17. ОПЕРАЦИЯ ПРОДОЛЖАЕТСЯ
В кабинет ввели Мокшина. Новгородский молча указал ему на стул и продолжал читать протокол только что закончившегося допроса Куницы.
Предатель остался верен себе. Он был лютым, непримиримым врагом советского строя и не желал этого скрывать. На вопросы отвечать отказался. Капитан испробовал много способов, чтобы заставить его заговорить, но успеха не добился. Куница знал, что его ждет, и, несмотря на это, не сделал ни малейшей попытки облегчить свою участь.
Массивный, крутоплечий, он упрямо согнул бычью шею и, изредка бросая на капитана ненавидящий взгляд маленьких голубых глаз, цедил сквозь желтые широкие зубы: «да», «нет», «не помню», «не знаю», а большинство вопросов вообще оставил без ответа.
Новгородский понимал, что о своих новых хозяевах Куница знает мало, что это рядовой исполнитель черновой работы, но все равно непримиримая враждебность человека с крестьянской внешностью вывела капитана из равновесия. Он рассчитывал получить от Куницы хоть какие-то сведения о Попове.
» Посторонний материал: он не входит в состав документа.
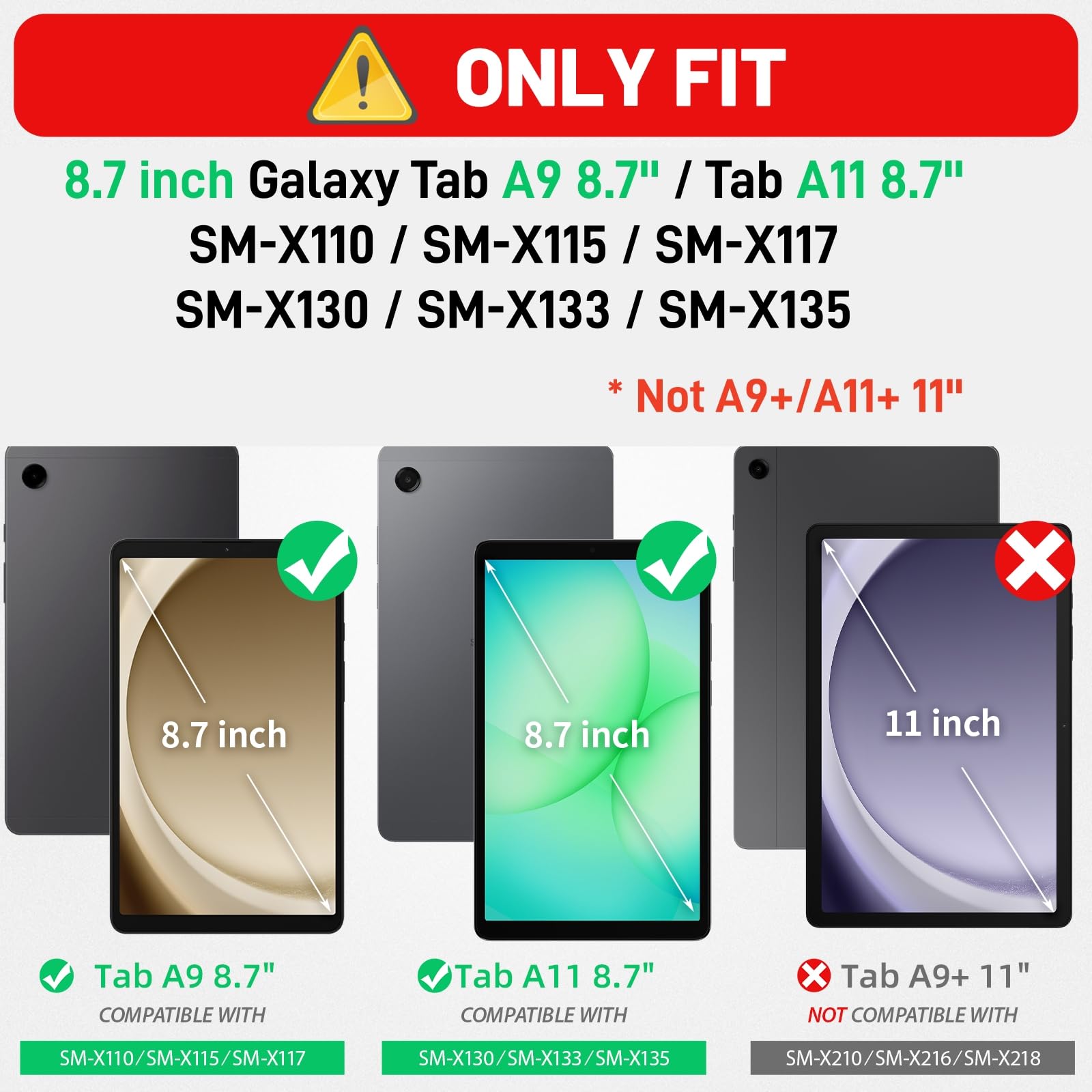 Compatible with 8.7 inch Samsung A11 & A9 tablet, not for other model size, Tap Settings - About tablet - Product name - Model Name (SM-X130 / SM-X133 / SM-X135 / SM-X110 / SM-X115 / SM-X117). *NO Pen * Easy to install and installation VIDEO available below.

Сейчас, листая протокол допроса, Новгородский тянул, чтобы успокоиться. К тому же его молчание угнетающе действовало на Мокшина. Капитан это ясно видел. Бывший геолог беспокойно ерзал на стуле, и с его осунувшегося побледневшего лица не сходило выражение угодливости и испуга.
«Посиди. Понервничай... Настройся на откровенность», – сердито подумал Новгородский, сознавая, что теперь все зависит только от Мокшина.
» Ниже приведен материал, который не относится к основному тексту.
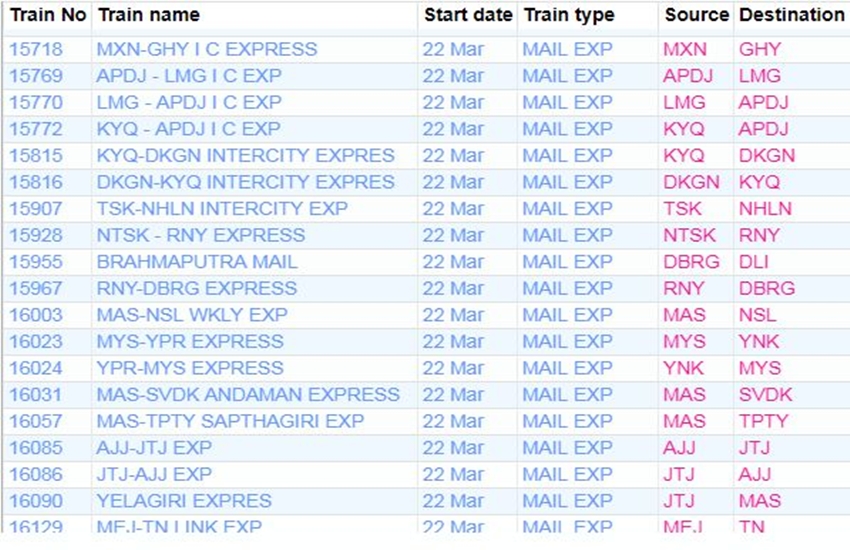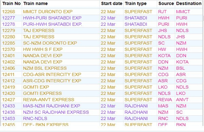 IRCTC Cancelled Trains List Today: रेलवे ने आज रविवार यानी 22 मार्च 2020 को कई रेलगाड़ियां रद्द कर दी हैं। यदि आप भी आज ट्रेन से सफर करने वाले हैं तो घर से निकलने से पहले चेक कर ले कहीं आपकी ट्रेन भी तो रद्द नहीं है। आप लोगों की जानकारी के लिए बता दें कि आज 933 ट्रेनें कैंसिल की गई हैं और इसमें 795 रेलगाड़ियां पूरी तरह रद्द हैं, जबकि 138 ट्रेन आंशिक रूप से कैंसल हैं।
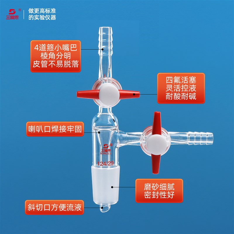 三爱思高硼硅液体或气体转移接头气体转接口抽气转接头标准磨口接

А Мокшин в самом деле нервничал. Его терзал страх. Он глядел на красивого капитана, читавшего какие-то бумаги, и старался угадать, что таит для него предстоящая беседа.
Мокшин был готов рассказать все. Все, о чем ни спросят. Он перебирал в памяти прожитые годы и пытался вспомнить все до мелочей, чтобы сидящий напротив капитан не заподозрил его в неискренности, в желании что-то утаить... Он знал – эта искренность может погубить отца, но что из того... Какой он к черту отец! Родитель сам толкнул его, единственного сына, в пропасть, из которой, в конце концов, надо как-то выбираться...
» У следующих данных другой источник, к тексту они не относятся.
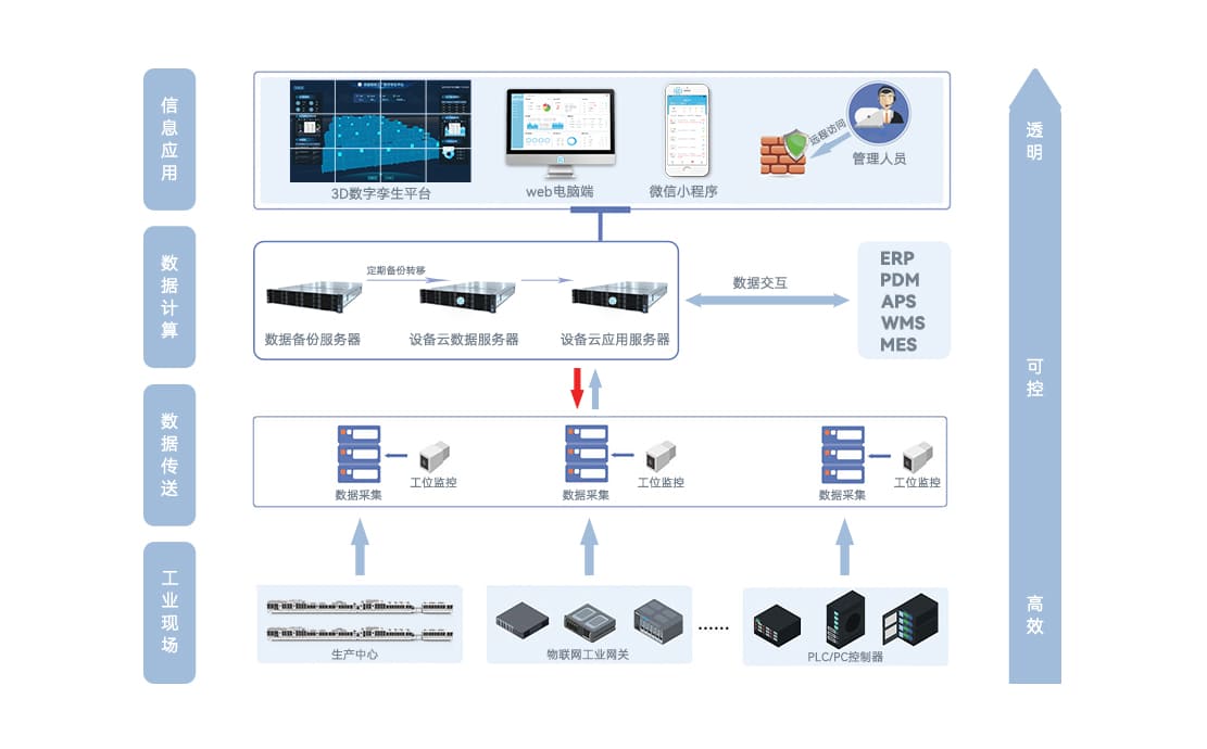 鼎晶云平臺提供設備管理、生產管理、品質管理、數據分析等功能模塊,分類展示生產過程中的所有關鍵指標信息。通過3D數字孿生真實還原設備空間布局,以視覺化KPI看板方式,對設備運行狀態、產能及良率數據進行展示。提供多場景應用模式,通過桌面端和移動端,隨時隨地獲取數據,大大提升決策效率和快速反應能力。

Мокшин плохо помнил детство. Его отец, полковник царской армии Маслянский, после гражданской войны сбежал в Германию. То были трудные годы. Маленькая комнатка в старом обветшалом доме на окраине немецкого города Гамбурга, проходной двор и узкая немощеная улица – вот мир, в котором началась сознательная жизнь маленького Васи. И нужда. Вечное ожидание завтрака, обеда, ужина, кое-как залатанные штанишки, вечная мечта о красивых игрушках, которых было много в витринах магазинов.
Отец долгое время был без работы, пока не устроился наконец мелким служащим в одну из пароходных компаний. Это мало что изменило в жизни семьи Маслянских. Они продолжали жить в той же маленькой каморке на окраине города и едва сводили концы с концами. Отец с матерью все так же продолжали клясть судьбу, а всего чаще каких-то таинственных большевиков. Вася с детства усвоил, что это жестокие полудикари, которые убили маминого брата, выгнали семью из России...
– Эх, Василек! – плакал, бывало, пьяный отец. – Не будь той проклятой революции, ходил бы ты у меня сейчас пан-паном, как положено быть полковничьему сыну. Нанял бы я тебе частных учителей, выделил кабинет и спальню, игрушек накупил... Каждый бы день паровую осетрину ел... Хочешь осетрины?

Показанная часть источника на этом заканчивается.